Check each line of the entries below for the word "small", and copy the lines that have it.

_Records to process_
^^^^^^^^^^^^^^^^
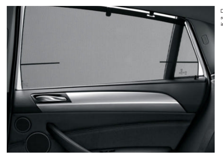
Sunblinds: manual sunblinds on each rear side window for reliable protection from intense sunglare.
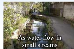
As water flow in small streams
^^^^^^^^^^^^^^^^
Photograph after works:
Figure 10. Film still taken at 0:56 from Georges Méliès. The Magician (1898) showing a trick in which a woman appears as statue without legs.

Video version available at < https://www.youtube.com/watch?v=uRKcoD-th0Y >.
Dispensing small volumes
^^^^^^^^^^^^^^^^
_Task answer_
As water flow in small streams
Dispensing small volumes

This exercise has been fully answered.